## Requirement:
Write out the lines below once more, exactly as they appear. Do not include pictures.

## Given information:
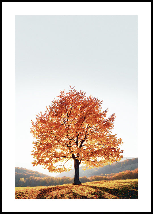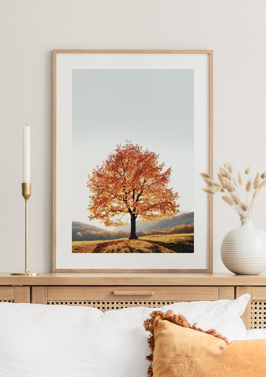 Photograph of a dramatic orange tree in the meadow inspired by the autumn. A close-to-nature print that will create depth in your home decor! The poster has a printed white margin that frames the design.
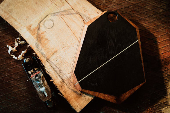 Deze snijplank, behandeld met onze Oil Plus 2C, is nu Food Contact Compliant en klaar voor gebruik! Om de diepzwarte kleur aan één zijde te verkrijgen, is een combinatie van onze Precolor Easy in Intense Black en onze Oil Plus 2C in Black gebruikt.
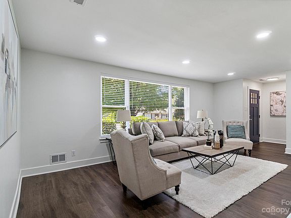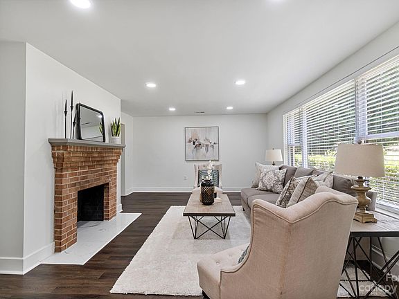 Beautifully Renovated and Ready for You! This rare 4 bedroom, 2 Bath house is located near Lenoir Rhyne University. Lots of appeal in style and located in the heart of Hickory. Beautiful luxury vinyl flooring throughout this one level home. New bright white Kitchen cabinets with soft close drawers styled with a tile backsplash and granite counters. Stainless steel dishwasher, range with hood and refrigerator with French doors Two bathrooms featuring tiled showers, new vanities and hardware with stylish glass barn doors. Primary with private bath. Spacious living room with a fireplace as a focal point. Laundry closet conveniently located in hallway. Lots of windows make this a light and airy home. Custom window blinds already installed. Single carport with storage closet. Great yard with large shade trees. City sidewalk along the front. Backyard is great for garden or play area.
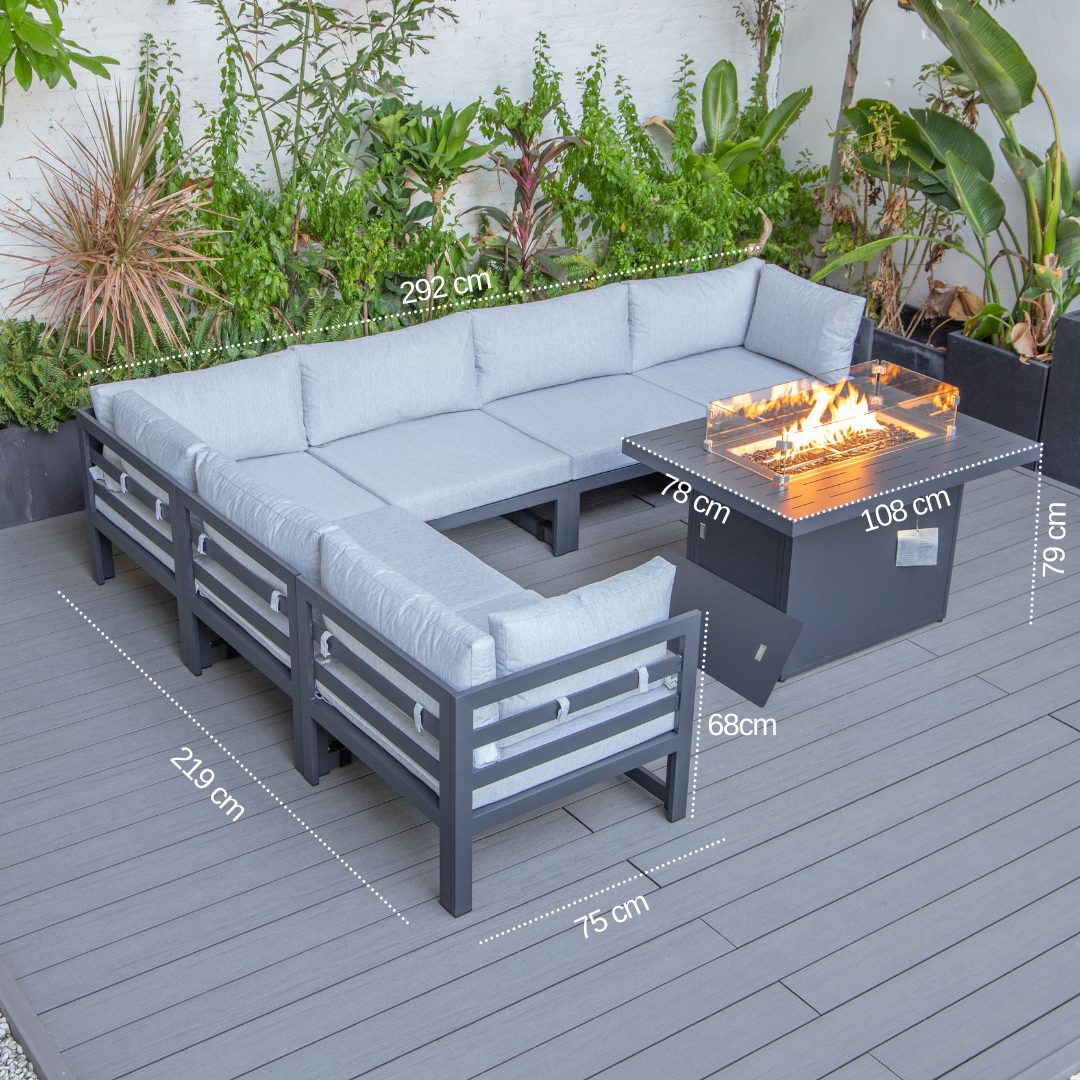 Cheltenham Aluminium 6 Seater Corner Sofa With Fire Pit

## Response area:
 Photograph of a dramatic orange tree in the meadow inspired by the autumn. A close-to-nature print that will create depth in your home decor! The poster has a printed white margin that frames the design.
 Deze snijplank, behandeld met onze Oil Plus 2C, is nu Food Contact Compliant en klaar voor gebruik! Om de diepzwarte kleur aan één zijde te verkrijgen, is een combinatie van onze Precolor Easy in Intense Black en onze Oil Plus 2C in Black gebruikt.
 Beautifully Renovated and Ready for You! This rare 4 bedroom, 2 Bath house is located near Lenoir Rhyne University. Lots of appeal in style and located in the heart of Hickory. Beautiful luxury vinyl flooring throughout this one level home. New bright white Kitchen cabinets with soft close drawers styled with a tile backsplash and granite counters. Stainless steel dishwasher, range with hood and refrigerator with French doors Two bathrooms featuring tiled showers, new vanities and hardware with stylish glass barn doors. Primary with private bath. Spacious living room with a fireplace as a focal point. Laundry closet conveniently located in hallway. Lots of windows make this a light and airy home. Custom window blinds already installed. Single carport with storage closet. Great yard with large shade trees. City sidewalk along the front. Backyard is great for garden or play area.
 Cheltenham Aluminium 6 Seater Corner Sofa With Fire Pit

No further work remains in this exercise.